*Work to complete*. Emit a verbatim copy of the lines below from the line with "費爾島復古白色提花開衫毛衣外套女秋冬慵懶高級感外穿針織衫上衣" through the line with "commonly used meteorological", excluding pictures and everything outside that range.

*Exercise data*.
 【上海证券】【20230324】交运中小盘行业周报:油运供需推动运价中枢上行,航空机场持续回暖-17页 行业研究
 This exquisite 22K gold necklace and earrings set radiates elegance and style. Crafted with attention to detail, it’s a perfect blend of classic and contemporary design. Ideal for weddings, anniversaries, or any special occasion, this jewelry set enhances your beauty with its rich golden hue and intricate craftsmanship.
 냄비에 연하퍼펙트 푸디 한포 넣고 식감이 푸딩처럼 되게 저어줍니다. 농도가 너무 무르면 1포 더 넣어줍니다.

==

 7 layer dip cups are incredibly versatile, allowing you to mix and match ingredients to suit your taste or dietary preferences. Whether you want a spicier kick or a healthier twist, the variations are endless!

* * *

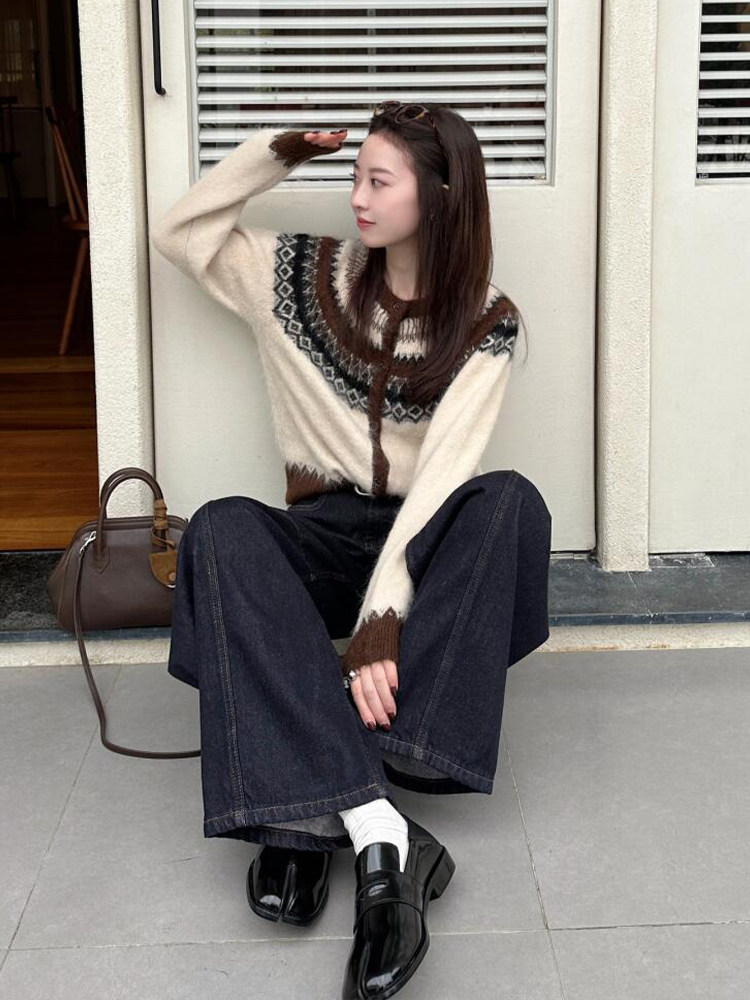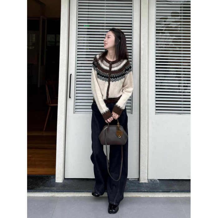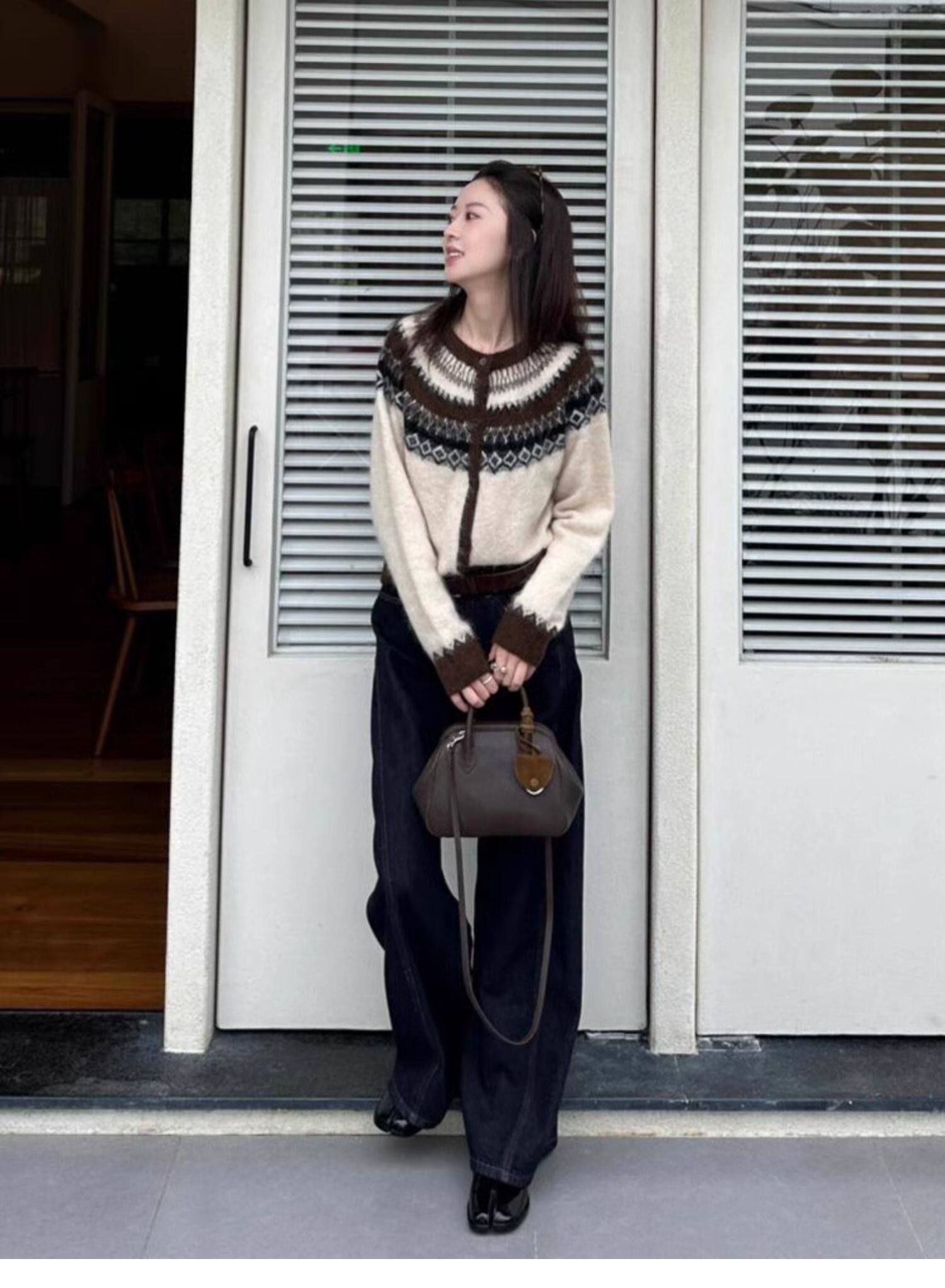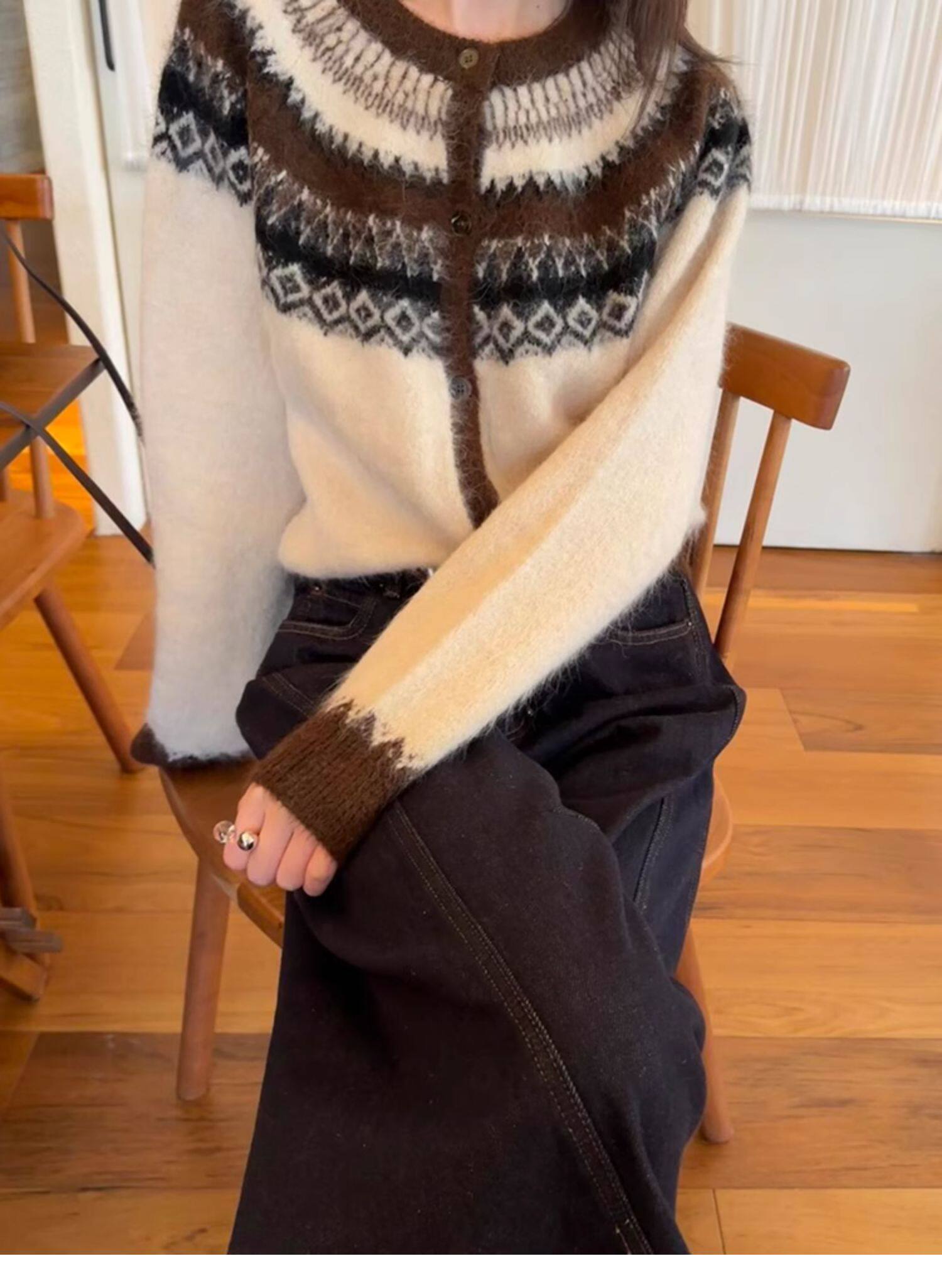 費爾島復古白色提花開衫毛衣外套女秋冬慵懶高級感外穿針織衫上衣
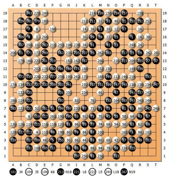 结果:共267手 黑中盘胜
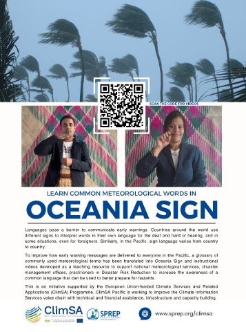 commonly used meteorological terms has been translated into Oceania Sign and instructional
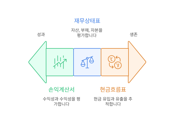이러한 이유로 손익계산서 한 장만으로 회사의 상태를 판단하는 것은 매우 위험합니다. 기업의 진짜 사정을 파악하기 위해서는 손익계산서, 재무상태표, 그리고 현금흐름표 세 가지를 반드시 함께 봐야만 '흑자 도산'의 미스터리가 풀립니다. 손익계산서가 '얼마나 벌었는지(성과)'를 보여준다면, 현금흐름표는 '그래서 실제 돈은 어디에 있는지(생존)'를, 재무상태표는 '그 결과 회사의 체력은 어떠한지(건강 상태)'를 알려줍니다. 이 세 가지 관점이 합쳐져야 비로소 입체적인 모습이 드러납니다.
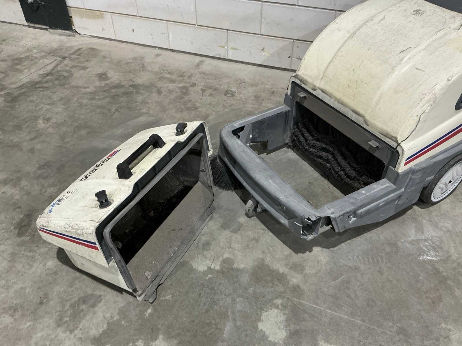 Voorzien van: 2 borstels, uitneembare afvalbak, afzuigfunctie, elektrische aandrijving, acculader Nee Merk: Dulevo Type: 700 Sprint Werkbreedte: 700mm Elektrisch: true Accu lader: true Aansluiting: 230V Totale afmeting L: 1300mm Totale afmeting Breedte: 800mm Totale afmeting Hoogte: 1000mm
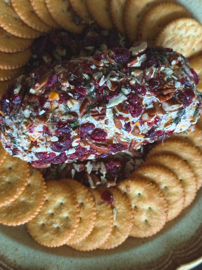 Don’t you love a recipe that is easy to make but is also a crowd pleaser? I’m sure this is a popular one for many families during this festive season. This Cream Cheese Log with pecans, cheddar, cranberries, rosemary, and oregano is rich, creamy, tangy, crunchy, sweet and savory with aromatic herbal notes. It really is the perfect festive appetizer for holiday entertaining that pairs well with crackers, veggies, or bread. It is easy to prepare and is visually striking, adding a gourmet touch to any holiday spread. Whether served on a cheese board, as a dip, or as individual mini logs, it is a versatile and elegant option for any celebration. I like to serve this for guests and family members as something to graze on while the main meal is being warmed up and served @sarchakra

*Solution to the exercise*.
 費爾島復古白色提花開衫毛衣外套女秋冬慵懶高級感外穿針織衫上衣
 结果:共267手 黑中盘胜
 commonly used meteorological terms has been translated into Oceania Sign and instructional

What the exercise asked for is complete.